Prices of Treasury coupon securities have posted mixed results in overseas trading . The 2 year note rebounded from the debacle which it experienced yesterday as its yield slipped 3 basis points to 2.34 percent.(Late yesterday after I published my closing piece I heard that the pressure in the front end was not so much a result of direct sales of the 2 year note itself but resulted from the unwind of certain derivative market transactions which engendered heavy selling of Eurodollar contracts. Those sales pressured the entire front end of the yield curve.

The yield on the benchmark 5 year note is unchanged at 3.07 percent. The yield on the 10 year note has increased by 2 basis points to 3.77 percent. The yield on the 30 year bond has risen 1 basis point to 4.50 percent. The 2 year/10 year spread has widened to 143 basis points from 138 basis points late yesterday. I will remain a one trick pony and cling tenaciously to the viewpoint that between now and the refunding bidding next week the yield will steepen inexorably and 2year/10year will trade 150 basis points.

The powerful rally in US equity markets yesterday carried over into overseas markets. Gains in Asia and Australia were sharp. Australian equities jumped 2 percent while stocks in China rocketed higher by 4.7 percent. Japanese stocks and Hong Kong stocks posted increases of about 2.0 percent. In Europe most markets are higher but the gains are somewhat subdued with an average increase of 1.0 percent.

Today is the climax of an intense week of economic data and the monthly labor report should bring a swift denouement. The consensus anticipates a decline of 75K and an increase in the unemployment rate to 5.2 percent from 5.1 percent. I think that there is a risk that the decline in employment is more severe as surveys of consumer sentiment manifest angst about the job market and the manufacturing survey also show employment declining.

How will the market react following the release of the report? I think a consensus like number lacking sharp revisions to prior period data will give traders free run to pursue the steepening trade about which I have obsessed. Dealers will feel free to set up for the supply in an orderly way. If the numbers are weaker tha anticipated my first inclination would be to fade any rally after allowing the market to trade a bit. I think the gist of the FOMC announcement the other day is that they are in a reflective mood and wish to see what their recent work has wrought. At some point they might revisit the ease mode but I believe that it will takes a series of weak data to force that posture.

There were a couple of interesting news stories overnight. Bloomberg is posting an item which suggests that Bank of America might not guarantee the debt of Coutrywide when it swallows that troubled lender. The story indicated that B of A might cherry pick the firms best assets and then shovel the liabilities into a new corporation which if I read the story correctly will quickly file for bankruptcy. That would be the first time in this crisis that bondholders would be thrown under the bus.

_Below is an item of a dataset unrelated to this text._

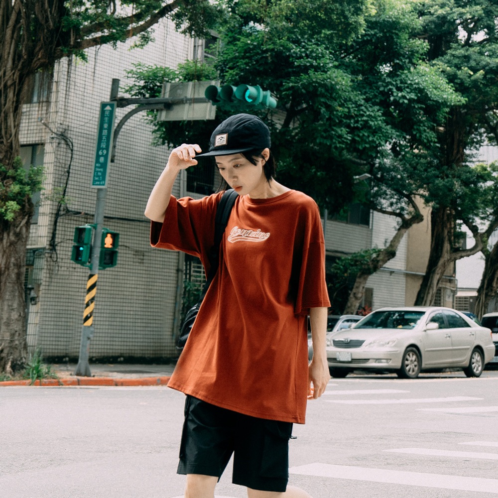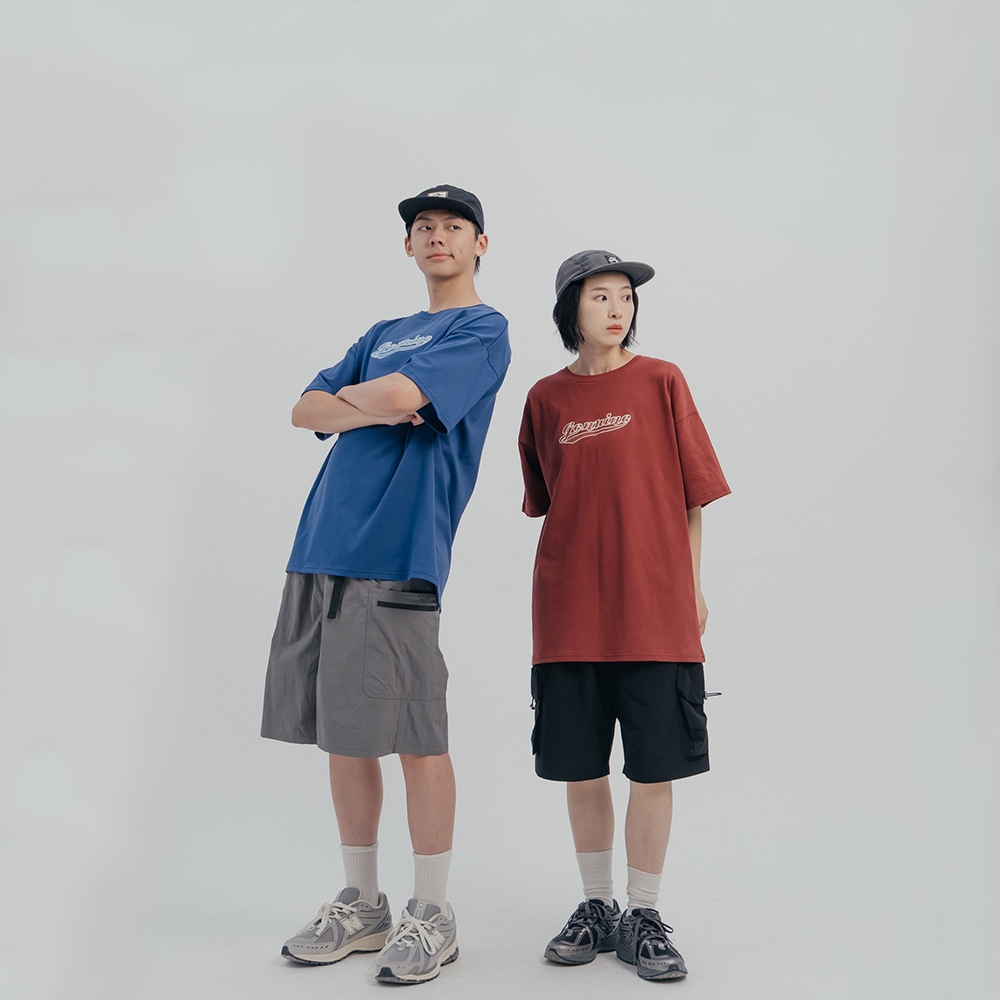 QUEENSHOP_ S 情侶裝 戶外 短袖 撞色英文刺繡貼布寬版上衣 三色售 現+預 【01190209】紅1|紅2|藍1|藍2|深灰1|深灰2T-shirtsQUEENSHOP

The Federal Reserve and the Treasury established the template for crisis resolution when they forcefully and purposefully threw the shareholders of Bear Stearns under the bus. In other less severe cases existing shareholders have suffered severe dilution as firms have issues large amounts of new equity at the expense of existing shareholders. If Countrywide bondholders suffer a similar fate it will be a new twist in this story with many subplots.